= Network as a service =

Provision of computer networking technology to an organization

Network as a service (NaaS) is a term used to describe the provision of computer networking technology to an organisation as an integrated service. It is related to terms like infrastructure as a service (IaaS), platform as a service (PaaS), software as a service (SaaS), and software-defined networking (SDN).

Historic definitions focused on fundamental concepts of NaaS, including describing services for network transport connectivity. NaaS also involves the optimization of resource allocations by considering network and computing resources as a unified whole.

== Description ==
With cloud computing, NaaS is one of the transports between dynamic collaborators outside of the cloud (an update to the classic enterprise WAN architecture) and between enterprise resources in private, often multi-tenant, data center (MTDC) facilities and in the public Cloud Service Providers (CSPs), including the interconnection between all of these in a "cloud first" enterprise architecture.

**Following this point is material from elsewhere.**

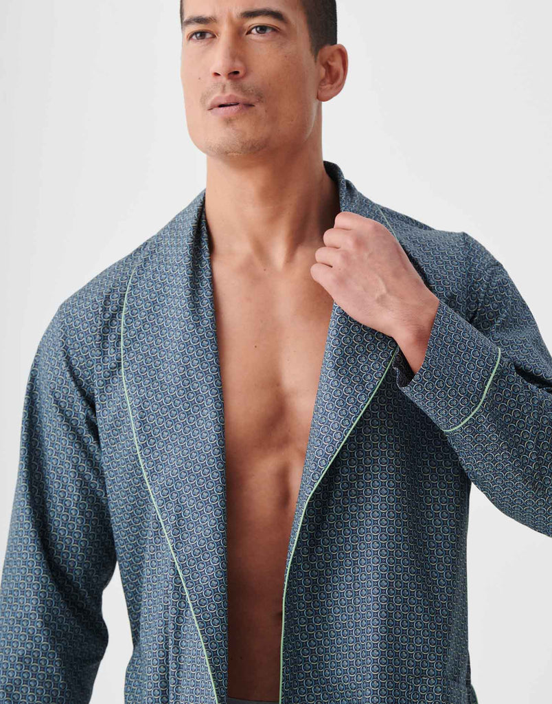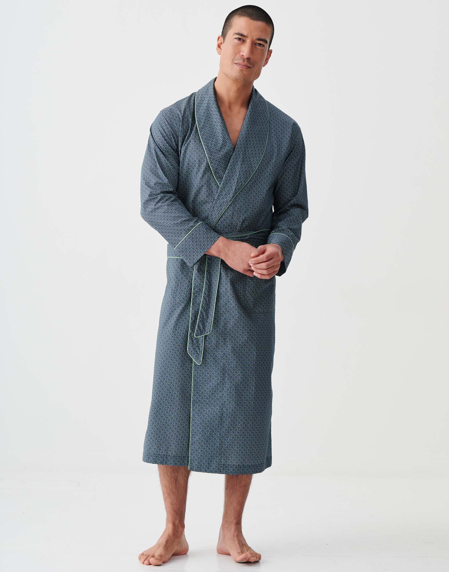 Men's Crisp Cotton Dressing Gown – Geometric Moorland
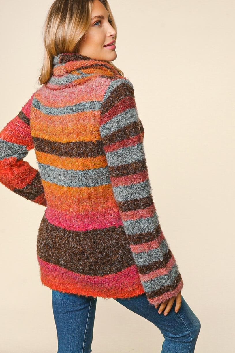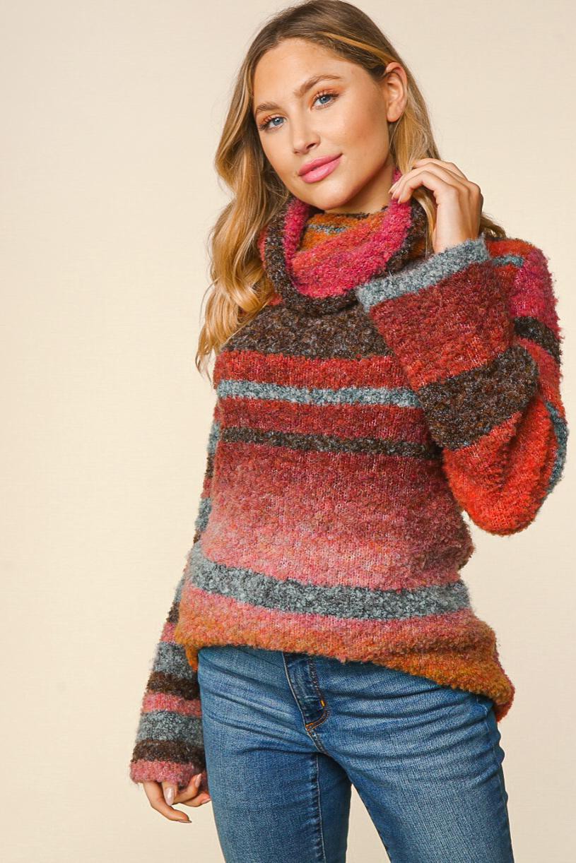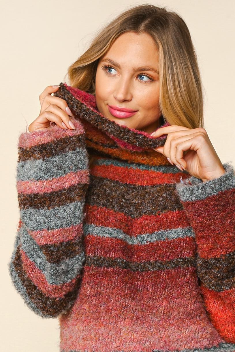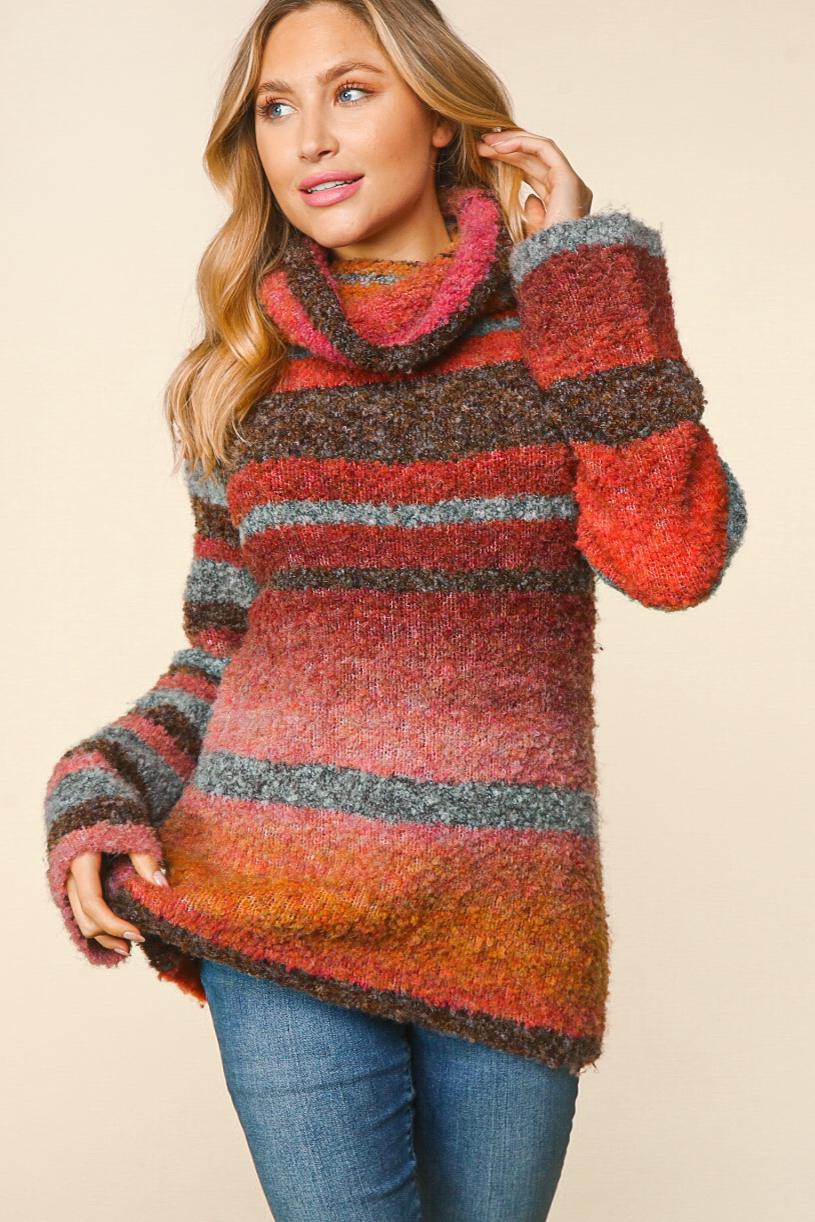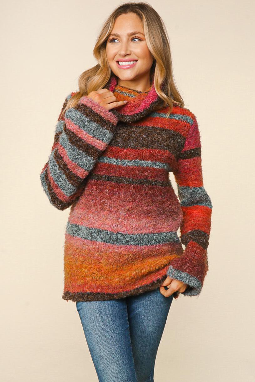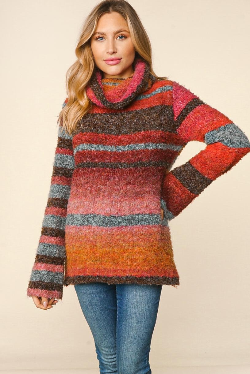 PLUS TURTLE NECK MULTICOLOR STRIPE SWEATER TOP

Before the new WAN connectivity patterns, enterprise WAN architectures, and consumption models resulting from the adoption of cloud computing and the network programmability focus introduced by SDN, NaaS was sometimes used to describe more traditional network resource-sharing concepts like the provision of a virtual network service by the owners of the network infrastructure to a third party.

Some service models include:
- Connectivity cloud: A model in which a private fiber fabric or wireline "middle mile" network is used to bypass often less-optimal public (internet) routing and congestion to provide connectivity for critical Enterprise resources and services access. Controlled via a distributed software platform, the model supports "cloud-aligned" elastic consumption including on-demand provisioning, any-to-any connectivity, and flexible bandwidth deployment (see BoD) through both portal and programmable API operation and introspection. By integrating the platform API with provisioning and application deployment playbooks, the resulting WAN can realize an infrastructure as code paradigm for wide area networks—"network-as-code". The resulting services include custom WAN inter-connectivity, hybrid cloud and multi-cloud connectivity. This model is employed by a facility-based provider, and is not reliant on another network as an underlay (like VPN or IP transit-based network models). While the operations design is direct-to-consumer, because of its programmability and its facilities base, this model can also support the Virtual Network Operator model for wireline connectivity in a manner similar to the mobile network virtualization model (MVNO) for wireless networks.
- Connecting through the cloud: It is considered that 2 or more locations/systems are connected through the cloud when they use the service provided by the cloud - Network as a Service. The equipment that builds the cloud network services (switch, router, firewall, border leaf, etc.) is responsible for this connection. It is not even necessary to use the IaaS service to have 2 or more locations connected in the cloud.
- Virtual private network (VPN): A tunnel overlay that extends a private network and the resources contained in the network across networks like the public Internet. It enables a host computer to send and receive data across shared or public networks as if it were a public network with the functionality and policies of the private network.
- Virtual network operation: A model common in mobile networks in which a telecommunications manufacturer or independent network operator builds and operates a network (wireless or transport connectivity) and sells its communication access capabilities to third parties, commonly mobile phone operators, charging by capacity utilization. A mobile virtual network operator (MVNO) is a mobile communications services provider that does not own the radio spectrum or wireless network infrastructure over which it provides services. Commonly a MVNO offers its communication services using the network infrastructure of an established mobile network operator.
- Non-internet connectivity can also be managed and controlled through a NaaS, such as booking time on satellite transponders for international television connections. While the reservation is made through a web page or API on the internet, the actual satellite connection might use an MPEG Transport Stream with no IP layer at all.